D’altra parte, la regia di Josh Cooley era “quasi” una garanzia. Non si chiamerà John Lasseter, ma Cooley non era certo un nome nuovo alla Pixar, avendo dato prova del suo talento in lavori come Up (2009), Ratatouille (2007) e Inside Out (2015). Il livello tecnico del film è davvero impressionante (come sempre accade coi prodotti Pixar). Ma ciò che maggiormente colpisce e distingue questo quarto capitolo dai precedenti sono i sottotesti, i diversi livelli di fruizione, che non si fermano all’avventura rocambolesca e all’ironia (la sequenza in cui Forky cerca di buttarsi ripetutamente nella spazzatura e Woody continua a salvarlo sulle note di I Can’t Let You Throw Yourself Away di Randy Newman è da antologia delle risate), ma spaziano come non mai attraverso omaggi di stampo cinematografico e profonde riflessioni.
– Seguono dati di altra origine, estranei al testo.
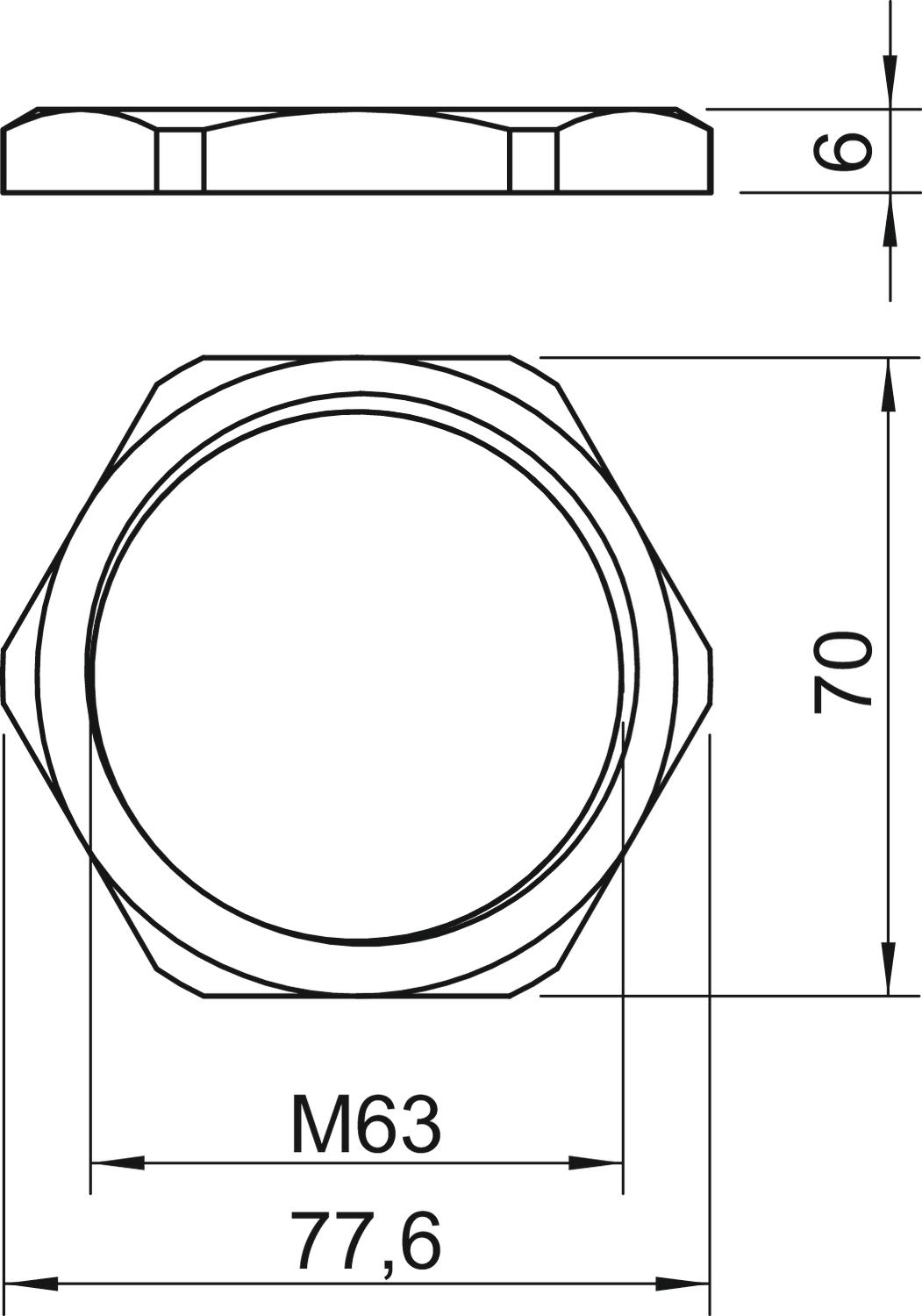 Dimensão M63 Largura da chave 70 Livre de halogéneos não Material Latão Medida E 77,6 mm Medida L 6 mm Pegada de CO2 (GWP) do berço ao portão 0,1345 kg CO2e / 1 Peça Reforçado a fibra de vidro não Resistente não Rosca M63 x 1,5 Superfície niquelado Tamanho nominal da rosca métrica/PG 63 Tipo de rosca métrico - Todos os tipos

Perché Toy Story 4 tocca un coacervo di tematiche. È una storia d’amore, ma anche il dramma di un singolo, Woody, chiamato a un nuovo corso che a primo impatto sembra smarrirlo. È un film sulla crescita e il cambiamento inevitabile che il tempo reca con sé. Una riflessione sull’accettazione di quel cambiamento. Sulle difficoltà del prendere nuove strade. Sull’abbandono e il superamento dello stesso. Sul senso del dovere e sulle seconde occasioni (quanto sono toccanti le inquadrature delle mani di Woody mentre saluta per sempre, e poi di nuovo per sempre, Bo Peep?). È anche un film sulla diversità, emblematizzata nel “giocattolo diverso” Forky e sul valore che noi, e solo noi, decidiamo di attribuire alle cose. Perché Forky, ricavato dalla spazzatura, diventa il giocattolo più importante per Bonnie, molto di più di altri costosissimi gingilli marchiati.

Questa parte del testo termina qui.